We now have build our inverted index for searching. Now we can use a query table to find correlated data.

### Querying the index
#### Step 1
We start by building the inverted index for the sketch of our query data.

In [19]:
# load query table: (key & target)
query = pd.read_csv('data/q.csv')
query.columns.name = 'q'
display(query)

# as above:
# 1. build sketch of query table
sketch = qcr.create_sketch(query['Country'], query['Life expectancy '], hash_function, n=5)
# 2. generate terms
search_terms = qcr.key_labeling(sketch)
print("search terms:")
search_terms

q,Country,Life expectancy
0,Armenia,73.4
1,Colombia,73.2875
2,Equatorial Guinea,55.3125
3,Germany,81.175
4,Kazakhstan,66.7625
5,Montenegro,74.5
6,Nicaragua,73.45
7,Nigeria,51.35625
8,Paraguay,73.1125
9,United States of America,78.0625


search terms:


['Armenia+1',
 'Nicaragua+1',
 'Equatorial Guinea-1',
 'United States of America+1',
 'Colombia+1']

### negative correlation
as we also might be interested in negative correlation, we negate the values and build a second set of labeled keys.
This results in two query tables: one for positive correlation, one for negative.

In [20]:
# 3.  inverse values of sketch
# for negative correlation
inverse_search_terms = key_labeling(
    list(map((lambda key_value: (key_value[0], -key_value[1])), sketch))
    ) # same function as above, input key is inverted
print("inverse search terms:")
inverse_search_terms

inverse search terms:


['Armenia-1',
 'Nicaragua-1',
 'Equatorial Guinea+1',
 'United States of America-1',
 'Colombia-1']

#### Step 2
Using our new search terms, we can now query the index.
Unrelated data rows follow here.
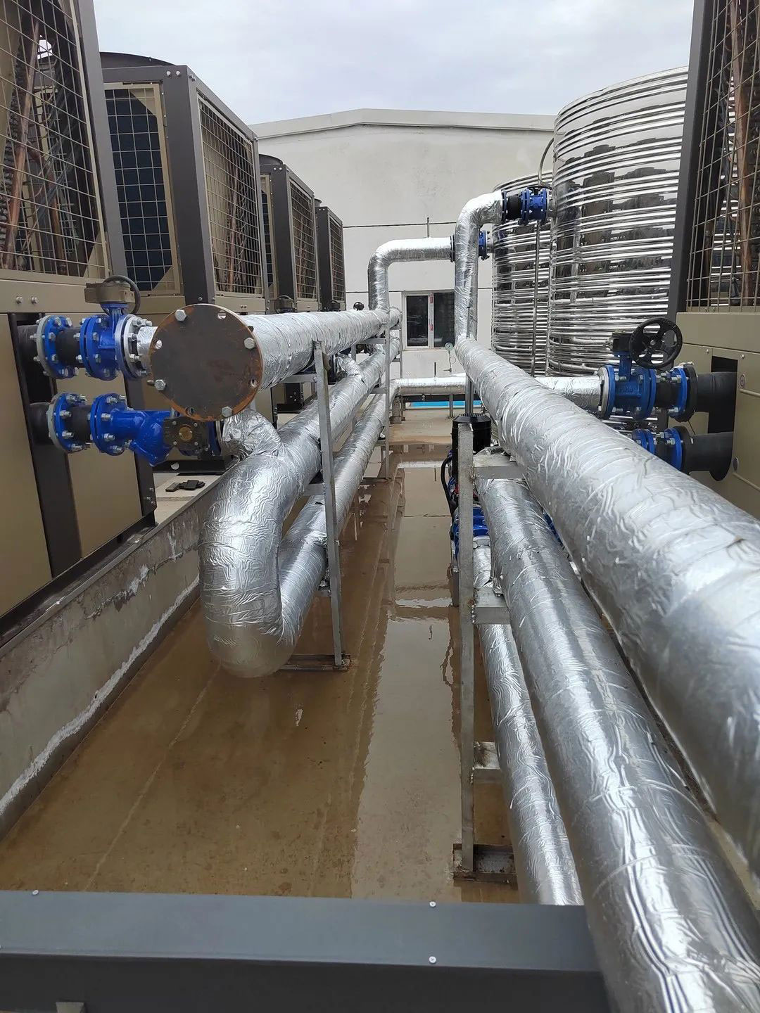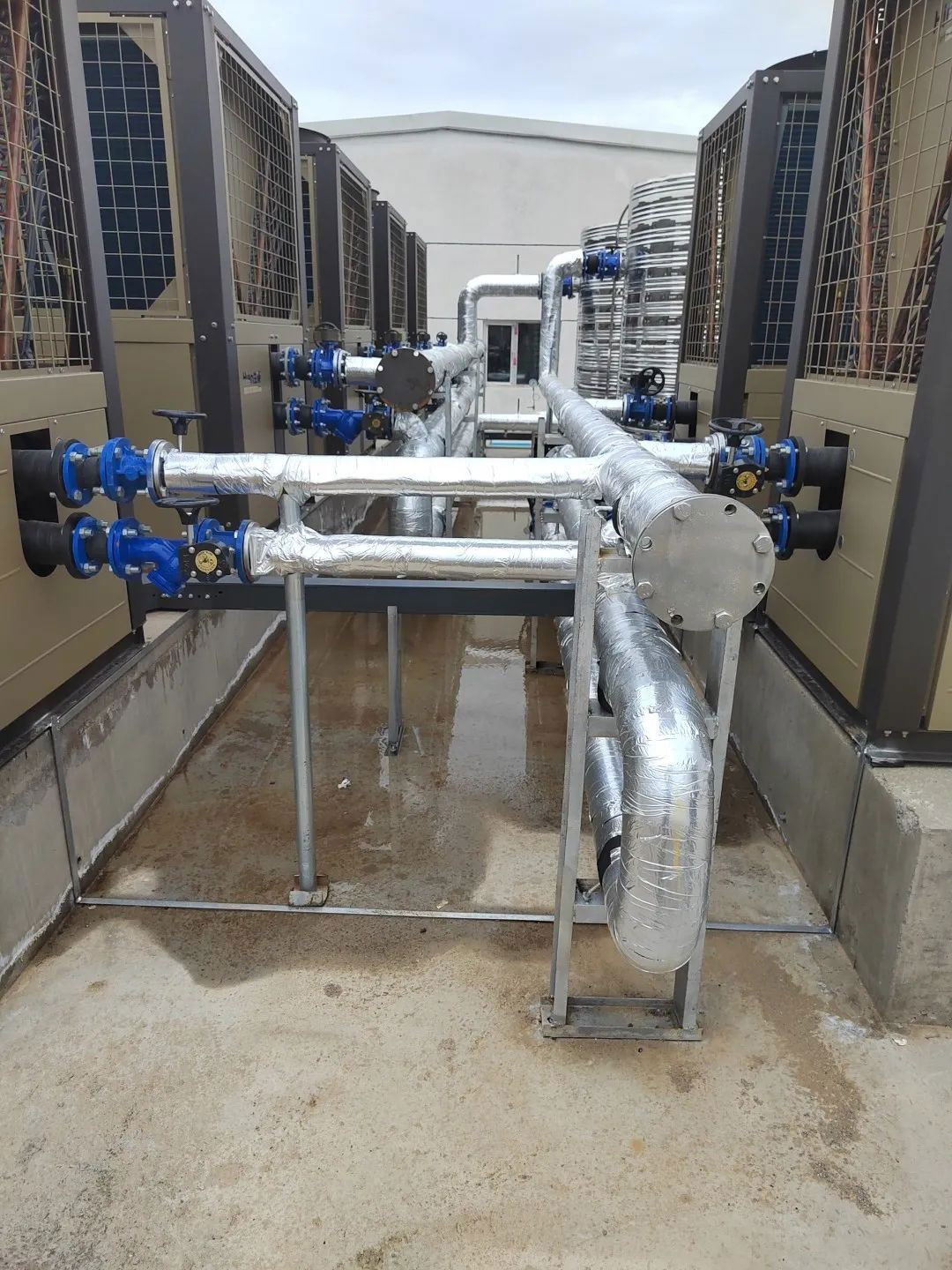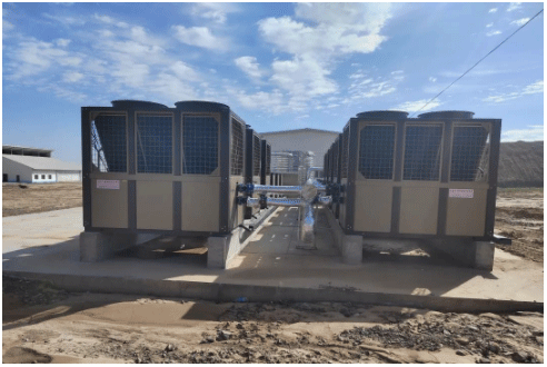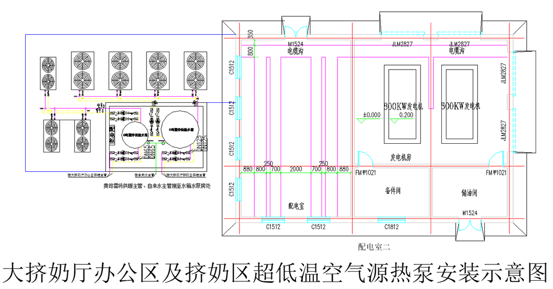 職工宿舍、辦公樓及餐廳及餐廳、消毒更衣室及水泵房控制室:各辦公樓及餐廳1268㎡,職工宿舍4788㎡,消毒更衣室423㎡,水泵房控制室120㎡。生能為其相應(yīng)配置了6臺(tái)DLRK-160II生能超低溫空氣源熱泵冷暖機(jī)組,保障其冬季供暖室內(nèi)溫度可達(dá)18-22℃左右。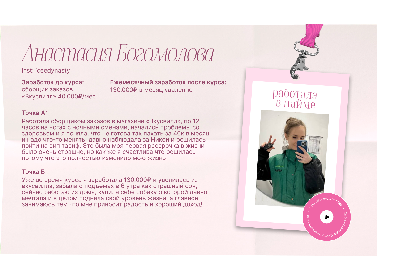 Подходит, если тебе важно в обучение, поддержка и понятная система выхода на результат — без одиночества и хаоса.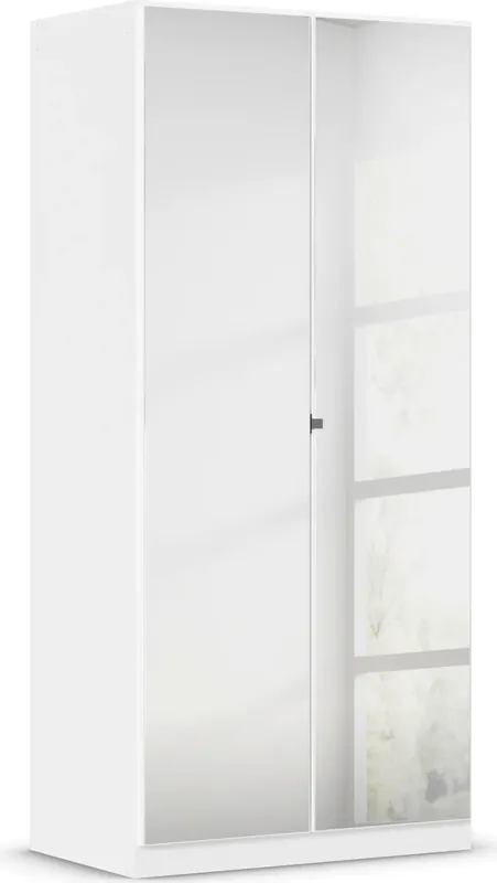 Klassischer Drehtürenschrank mit Vollspiegel-Fronten in verschiedenen Breiten. Lässt kleine Räume optisch größer wirken. Praktischer Inneneinteilung bietet ausreichend Stauraum. Die integrierten Fachböden und Kleiderstangen können individuell eingesetzt und in der Höhe verstellt werden. 100% Made in Germany, ausgezeichnet mit dem Blauen Engel und dem Goldenen M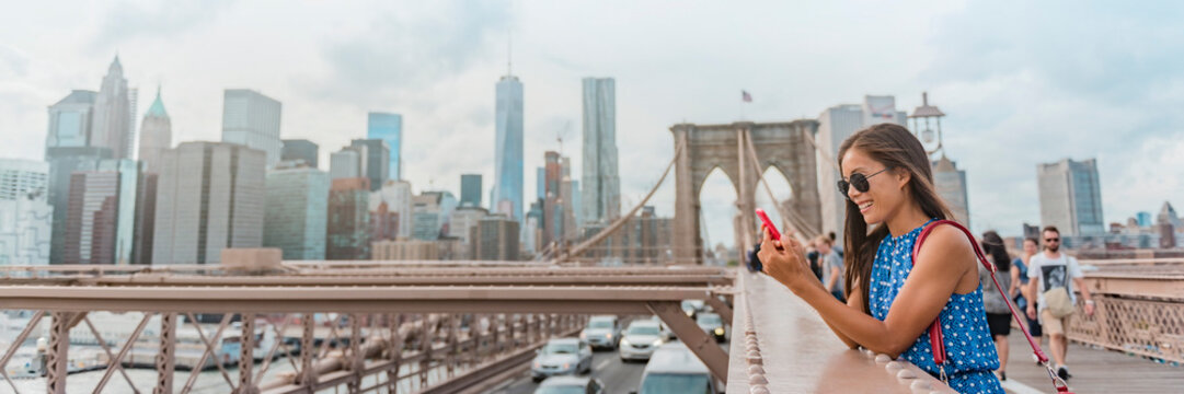 Happy and beautiful female woman smiling. Pretty young female walking and having fun in metro New York city

We then count which table comes up how often in the results.
we limit the output to the ten most correlated tables

In [21]:
# execute query
# 1. load index
inverted_index = load_index()

# count how many tables match the search terms
result = Counter()
result.update(
    "+:" + table_id for term in search_terms for table_id in inverted_index[term]
)
result.update(
    "-:" + table_id for term in inverse_search_terms for table_id in inverted_index[term]
)

sketch = result.most_common(10)
sketch

[('+:t2', 5), ('+:t3', 4), ('-:t1', 4), ('-:t3', 4), ('+:t1', 1)]

In [22]:
# we see t2 and t1 are correlated

In [23]:
result = query.join(table1.set_index('Country'), on='Country' , how='left', lsuffix='_who', rsuffix='_kaggle')

result = result.join(table2.set_index('Country'), on='Country' , how='left', lsuffix='_who', rsuffix='_kaggle')

result

t1,Country,Alcohol
0,Armenia,3.702667
1,Colombia,4.419333
2,Equatorial Guinea,7.342
3,Germany,11.628667
4,Kazakhstan,6.641333
5,Montenegro,2.584286
6,Nicaragua,3.596667
7,Nigeria,8.646667
8,Paraguay,5.527333
9,United States of America,8.579333